Genentech extends small-molecule R&D with three platform deals

Roche’s Genentech unit signed a trio of deals this week to add new drug discovery platforms to its repertoire.

The three drug discovery deals are with Convelo Therapeutics in neurological disorders such as multiple sclerosis, Sosei Heptares for G-protein-coupled receptor-targeting compounds, and Skyhawk Therapeutics for small-molecule drugs that affect protein expression from RNA.

The flurry of deals comes as Roche is facing biosimilar competition for its ‘big three’ antibodies – Rituxan, Herceptin and Avastin – which together accounted for more than a third of its sales last year.

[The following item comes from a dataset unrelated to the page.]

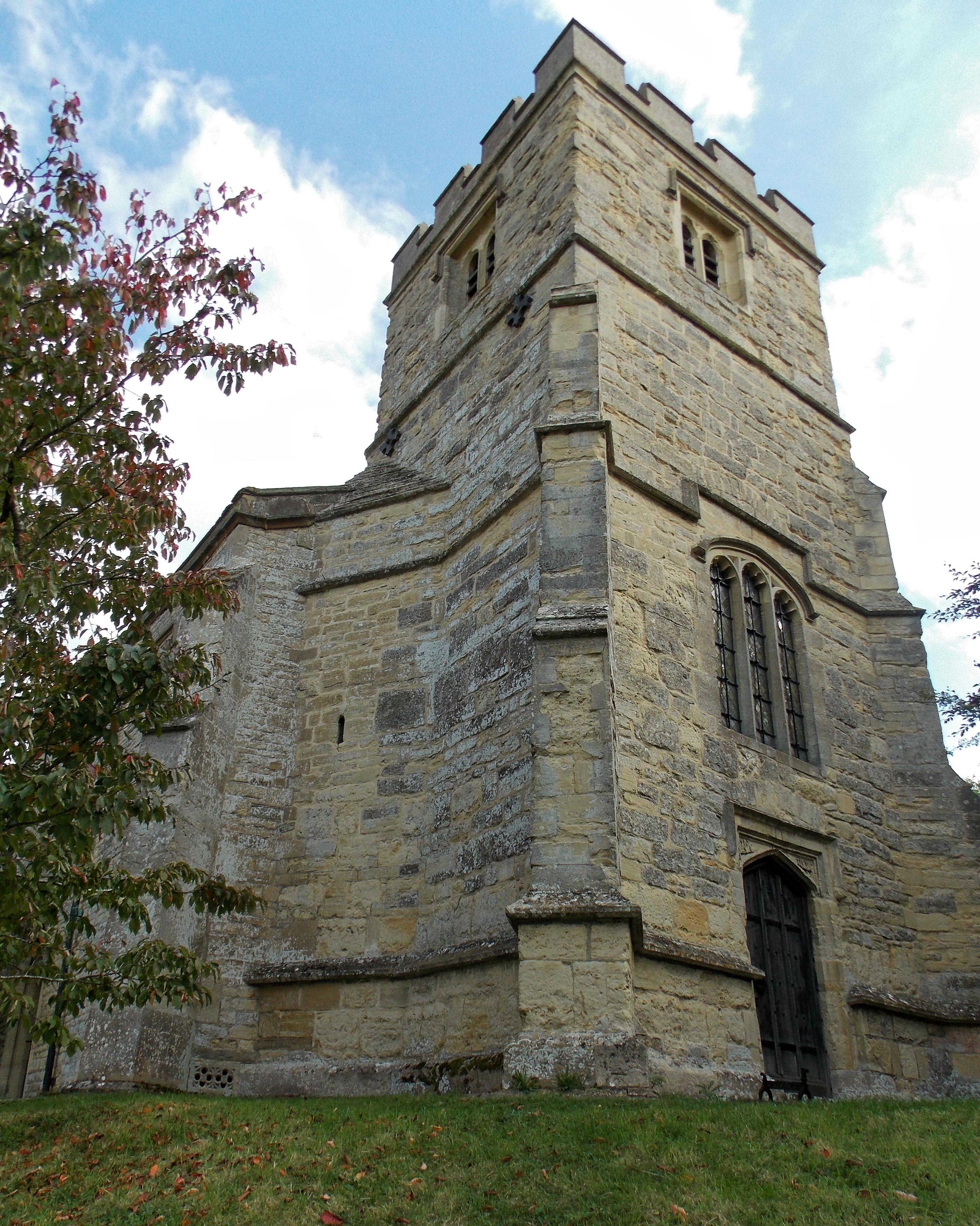 West tower of All Saints' parish church, Middle Claydon, Buckinghamshire, England, seen from the northwest.Software: JPEG file optimized and/or cropped and/or spun with DxO OpticsPro 10 Elite.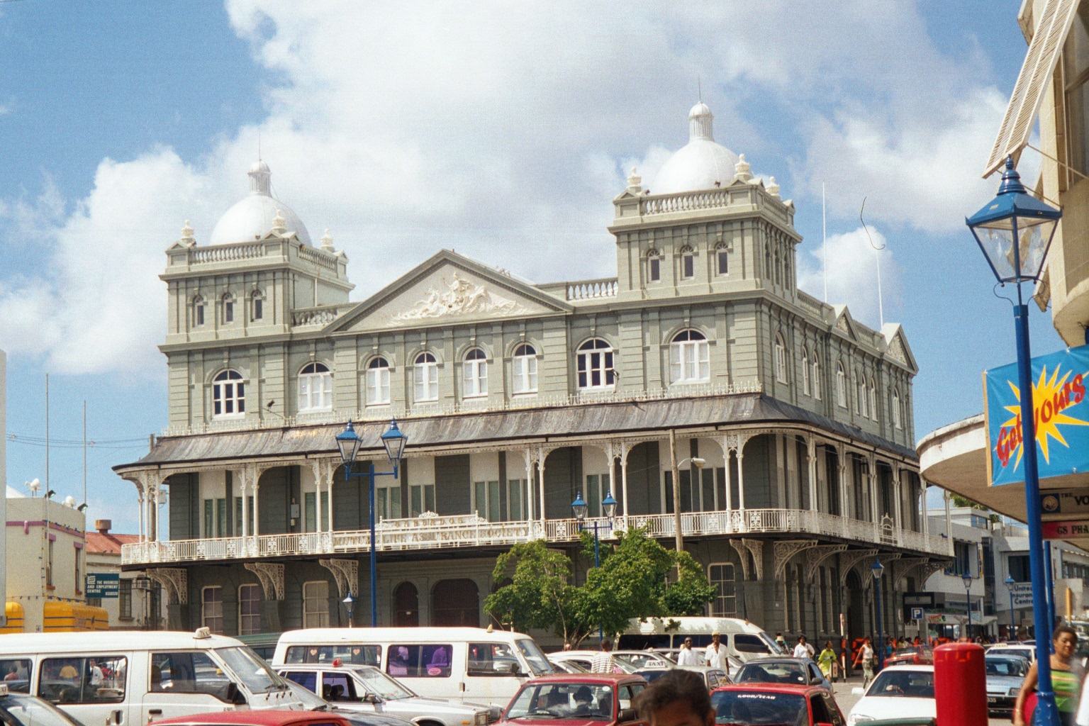 The iconic Barbados Mutual Life Assurance Society building from Broad Street, Bridgetown. (c.a. November 2000)

It also comes after a pledge by the company to plough savings from a cost-reduction drive back into its pipeline.

The three platform deals are long-term bets, but broaden Genentech’s drug discovery capabilities, particularly in small-molecule R&D.

The Convelo deal focuses on the development of novel drug candidates that can stimulate a particular type of stem cell in the central nervous system – oligodendrocyte progenitor cells – to form myelin, the insulating substance around nerve cells that is progressively degraded in MS.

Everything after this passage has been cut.